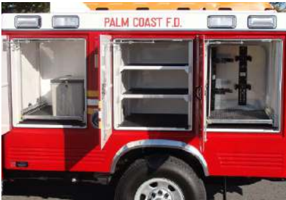
Custom Air Pack Storage
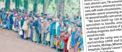
Buhweju residents line up for free health services during a camp at Butare Catholic Church at the weekend.

These numbers are a testimony that people become sick for years and later die for lack of healthcare," he said.
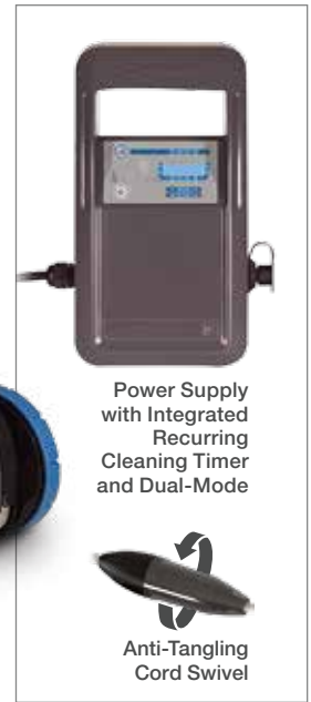
Power Supply with Integrated Recurring Cleaning Timer and Dual-Mode
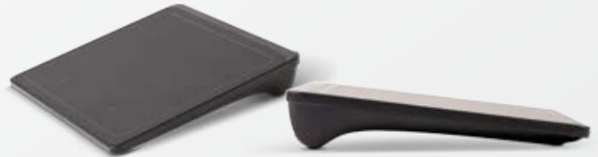
Lenovo® Wireless TouchPad
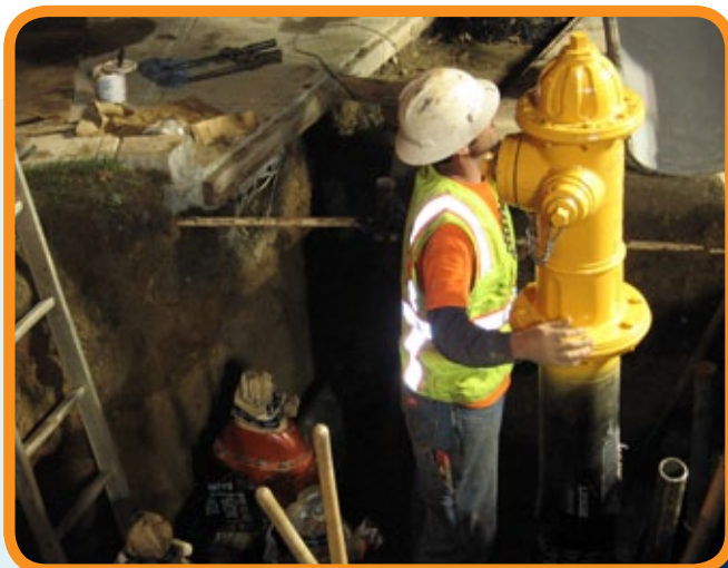
A crew member works in a trench to replace a CHWD fire hydrant. CHWD’s 271 miles of underground pipes not only provide water to homes and businesses, but also serve municipal needs such as fire hydrants.
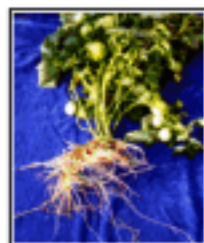
Tomatoes! Untreated plants
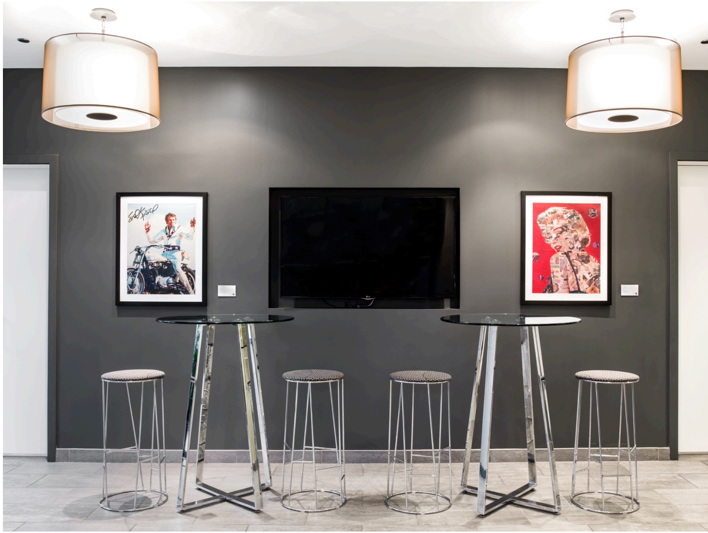
ART: KATY HIRSCHFELD
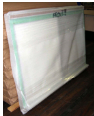
Two board slider packaging
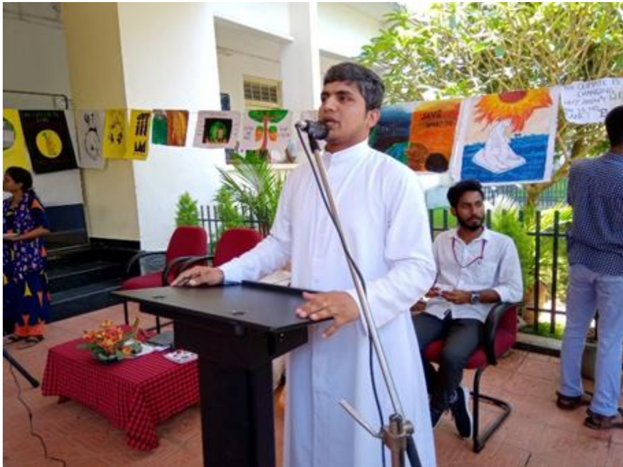
Principal and Assistant Manager delivering message to students
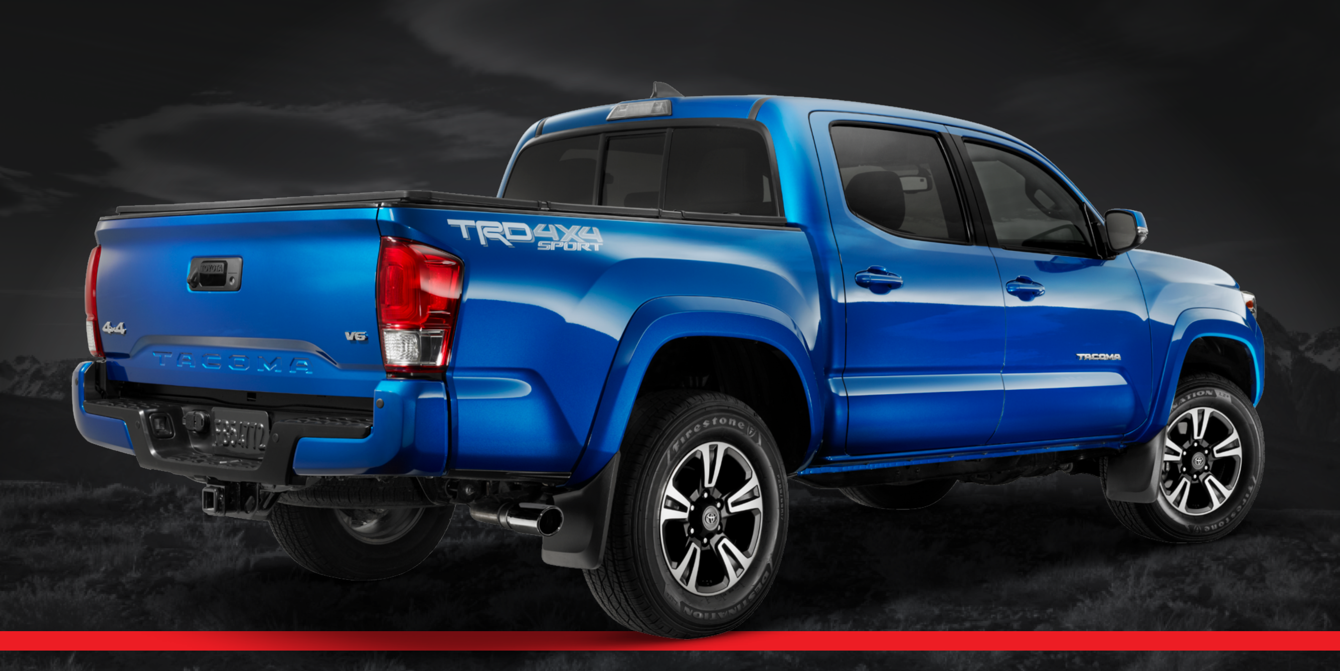
EXTERIOR 3 INTERIOR 20 TRD 29 TRD PRO 36
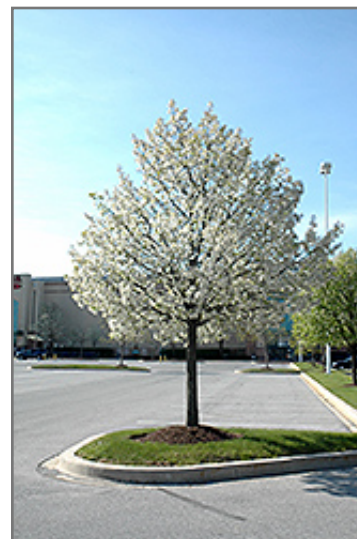
Jack Ornamental Pear in bloom
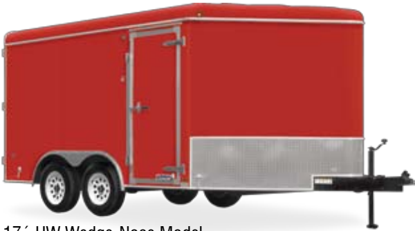
8.5' x 17' UW Wedge-Nose Model The wedge-nose models come with a 5' wedge.
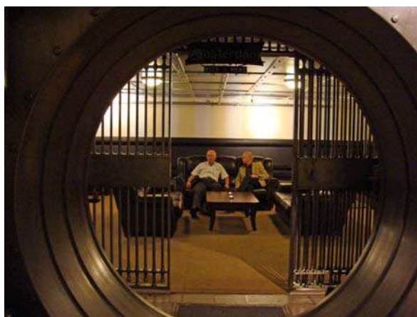
The Welcome evening in a Bank Vault! (Best place for these two...)
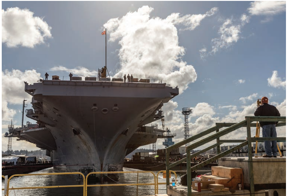
A ship enters drydock at Puget Sound Naval Shipyard (PSNS) and Intermediate Maintenance Facility (IMF). PSNS&IMF must monitor the levels of copper and other contaminants in shipyard effluent.

To satisfy NPDES compliance, there is a need for a fast, easy-to-use tool to differentiate between forms of copper in shipyard effluent. The goal of this project is to demonstrate a methodology for rapid quantification of copper in seawater using an optical detection system. This project team will explore an innovative technology that uses fluorescence and a laser system for copper quantification. Light-reflecting copper complexes are illuminated when fluorescently activated copper ions pass through a green laser diode, producing an optical signal that corresponds to the copper concentration.
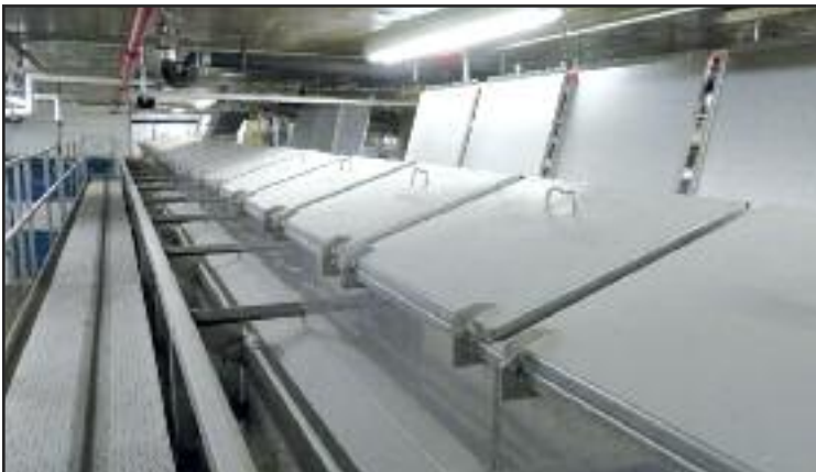
Shoulder Bros. 6'x60' 'Accumaveyor' Surge Bin
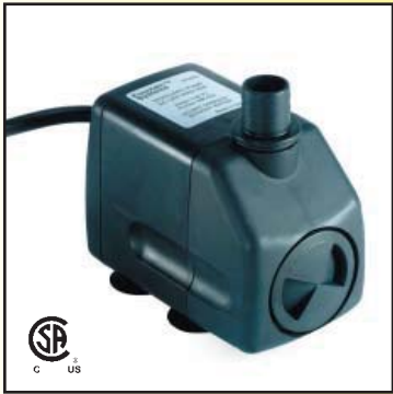
AP3200B 275-315 GPH Magnetic Drive Pump, Fittings
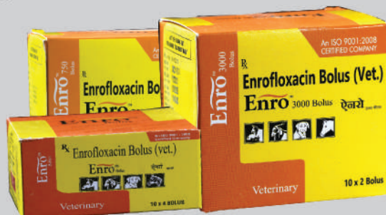
Enro 750 mg, 1500 mg & 3000 mg Bolus
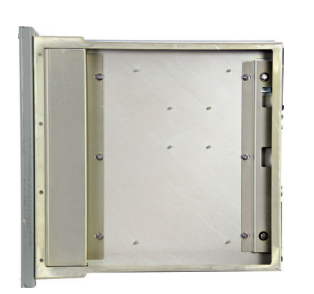
Interior view of mounting tray.
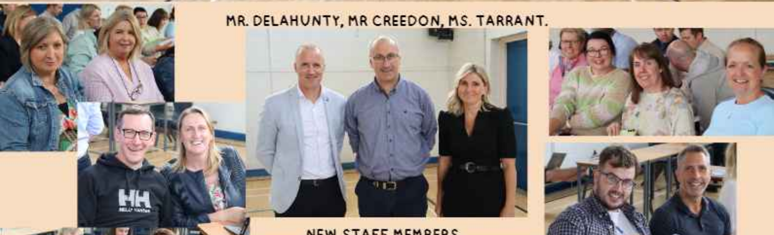
NEW STAFF MEMBERS
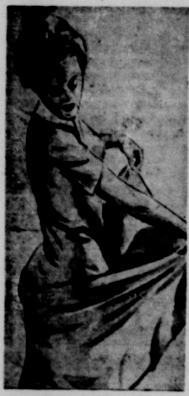
"I'm just a sight and it's your

madder. I'll give you a lift home and then

REQUIRED ACTION ▸
The expected output is every entry, retyped exactly, with all pictures removed.

WORKED SOLUTION ▸
Custom Air Pack Storage
Buhweju residents line up for free health services during a camp at Butare Catholic Church at the weekend.

These numbers are a testimony that people become sick for years and later die for lack of healthcare," he said.
Power Supply with Integrated Recurring Cleaning Timer and Dual-Mode
Lenovo® Wireless TouchPad
A crew member works in a trench to replace a CHWD fire hydrant. CHWD’s 271 miles of underground pipes not only provide water to homes and businesses, but also serve municipal needs such as fire hydrants.
Tomatoes! Untreated plants
ART: KATY HIRSCHFELD
Two board slider packaging
Principal and Assistant Manager delivering message to students
EXTERIOR 3 INTERIOR 20 TRD 29 TRD PRO 36
Jack Ornamental Pear in bloom
8.5' x 17' UW Wedge-Nose Model The wedge-nose models come with a 5' wedge.
The Welcome evening in a Bank Vault! (Best place for these two...)
A ship enters drydock at Puget Sound Naval Shipyard (PSNS) and Intermediate Maintenance Facility (IMF). PSNS&IMF must monitor the levels of copper and other contaminants in shipyard effluent.

To satisfy NPDES compliance, there is a need for a fast, easy-to-use tool to differentiate between forms of copper in shipyard effluent. The goal of this project is to demonstrate a methodology for rapid quantification of copper in seawater using an optical detection system. This project team will explore an innovative technology that uses fluorescence and a laser system for copper quantification. Light-reflecting copper complexes are illuminated when fluorescently activated copper ions pass through a green laser diode, producing an optical signal that corresponds to the copper concentration.
Shoulder Bros. 6'x60' 'Accumaveyor' Surge Bin
AP3200B 275-315 GPH Magnetic Drive Pump, Fittings
Enro 750 mg, 1500 mg & 3000 mg Bolus
Interior view of mounting tray.
NEW STAFF MEMBERS
"I'm just a sight and it's your

madder. I'll give you a lift home and then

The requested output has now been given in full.